## Problem to solve:
Note on the material below: return exactly the lines from the line that holds "Ambassador Axel Wallenberg" through the line that holds "Zircon Locality: Mt", and leave out each picture.

## Data shown:
────────────────────────────────────────

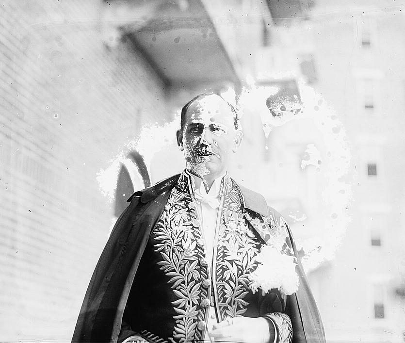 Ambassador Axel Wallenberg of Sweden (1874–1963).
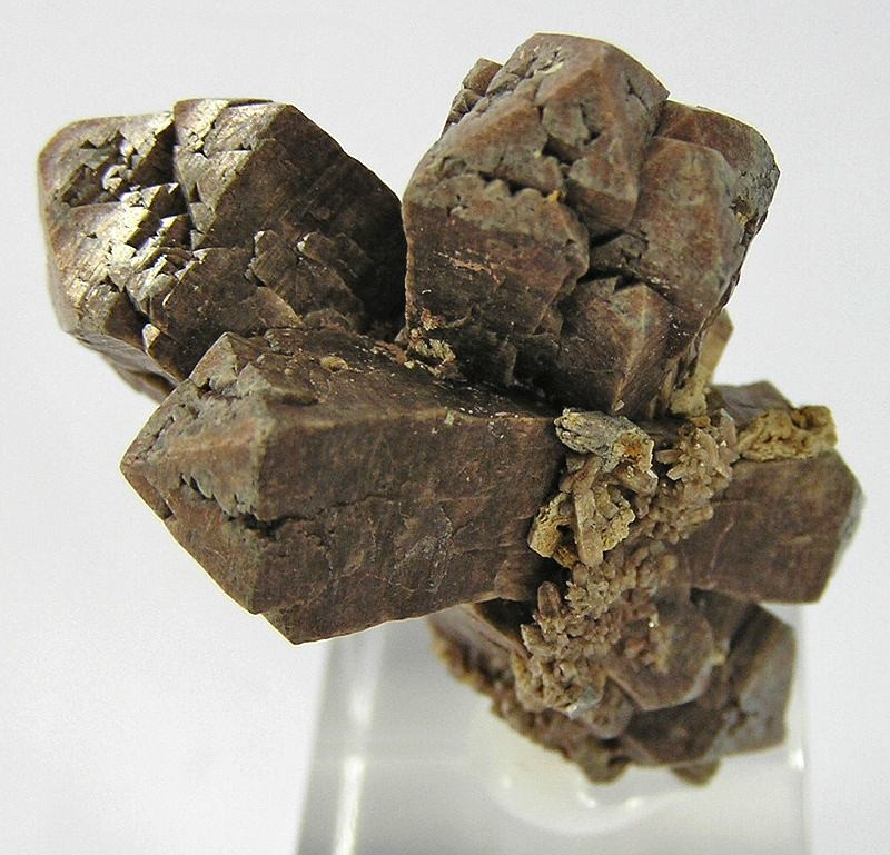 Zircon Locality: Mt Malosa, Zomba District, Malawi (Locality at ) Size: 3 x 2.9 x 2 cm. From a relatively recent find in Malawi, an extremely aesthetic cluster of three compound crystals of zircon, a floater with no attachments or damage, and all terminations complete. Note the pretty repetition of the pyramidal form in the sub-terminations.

────────────────────────────────────────

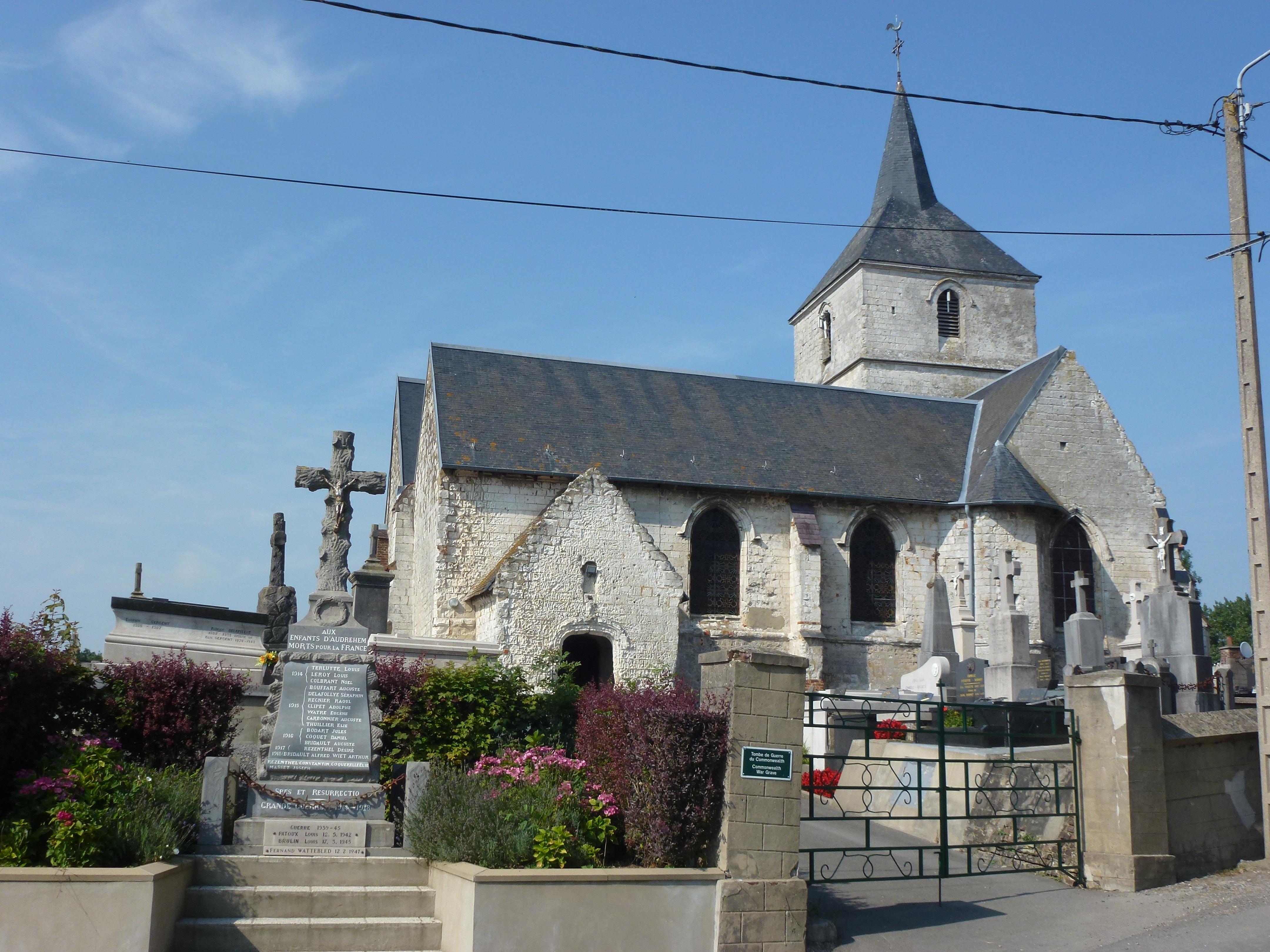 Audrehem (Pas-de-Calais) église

────────────────────────────────────────

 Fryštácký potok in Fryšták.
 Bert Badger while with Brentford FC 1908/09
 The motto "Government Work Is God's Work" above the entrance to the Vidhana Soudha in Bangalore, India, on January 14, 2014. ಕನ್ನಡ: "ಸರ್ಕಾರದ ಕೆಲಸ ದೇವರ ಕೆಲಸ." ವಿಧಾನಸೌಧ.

────────────────────────────────────────

## Answer area:
 Ambassador Axel Wallenberg of Sweden (1874–1963).
 Zircon Locality: Mt Malosa, Zomba District, Malawi (Locality at ) Size: 3 x 2.9 x 2 cm. From a relatively recent find in Malawi, an extremely aesthetic cluster of three compound crystals of zircon, a floater with no attachments or damage, and all terminations complete. Note the pretty repetition of the pyramidal form in the sub-terminations.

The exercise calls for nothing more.